Entries taken from a collection
● ● ●
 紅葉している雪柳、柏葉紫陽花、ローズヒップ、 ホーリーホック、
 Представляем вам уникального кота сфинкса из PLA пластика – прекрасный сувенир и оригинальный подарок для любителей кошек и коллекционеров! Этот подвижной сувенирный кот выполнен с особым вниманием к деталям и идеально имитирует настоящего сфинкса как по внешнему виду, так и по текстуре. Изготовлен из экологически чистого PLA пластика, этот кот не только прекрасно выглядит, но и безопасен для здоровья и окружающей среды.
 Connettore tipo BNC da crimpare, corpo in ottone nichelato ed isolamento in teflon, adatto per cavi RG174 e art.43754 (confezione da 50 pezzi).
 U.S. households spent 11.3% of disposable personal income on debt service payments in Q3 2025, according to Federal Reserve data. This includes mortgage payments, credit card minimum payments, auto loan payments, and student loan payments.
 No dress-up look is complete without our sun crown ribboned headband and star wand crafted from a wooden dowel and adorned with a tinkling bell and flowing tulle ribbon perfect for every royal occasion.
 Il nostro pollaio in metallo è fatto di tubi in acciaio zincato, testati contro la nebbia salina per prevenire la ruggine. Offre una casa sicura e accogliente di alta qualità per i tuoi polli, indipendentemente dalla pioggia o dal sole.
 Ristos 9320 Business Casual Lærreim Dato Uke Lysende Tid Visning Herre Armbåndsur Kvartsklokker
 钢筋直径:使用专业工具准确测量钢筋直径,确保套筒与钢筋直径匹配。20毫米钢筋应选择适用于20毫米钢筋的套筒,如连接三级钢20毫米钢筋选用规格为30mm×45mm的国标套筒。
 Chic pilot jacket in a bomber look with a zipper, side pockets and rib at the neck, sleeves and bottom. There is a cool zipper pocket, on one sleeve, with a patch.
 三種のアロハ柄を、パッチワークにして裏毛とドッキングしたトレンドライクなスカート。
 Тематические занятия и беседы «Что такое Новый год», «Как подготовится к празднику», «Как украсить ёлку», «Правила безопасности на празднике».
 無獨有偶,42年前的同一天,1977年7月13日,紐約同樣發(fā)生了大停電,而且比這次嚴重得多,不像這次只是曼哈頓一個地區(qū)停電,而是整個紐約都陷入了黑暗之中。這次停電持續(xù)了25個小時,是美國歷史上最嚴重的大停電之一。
● ● ●
§ **WHAT TO DO**
If a line in the data above holds the string "look", copy it.

§ **EXERCISE RESPONSE**
 No dress-up look is complete without our sun crown ribboned headband and star wand crafted from a wooden dowel and adorned with a tinkling bell and flowing tulle ribbon perfect for every royal occasion.
 Chic pilot jacket in a bomber look with a zipper, side pockets and rib at the neck, sleeves and bottom. There is a cool zipper pocket, on one sleeve, with a patch.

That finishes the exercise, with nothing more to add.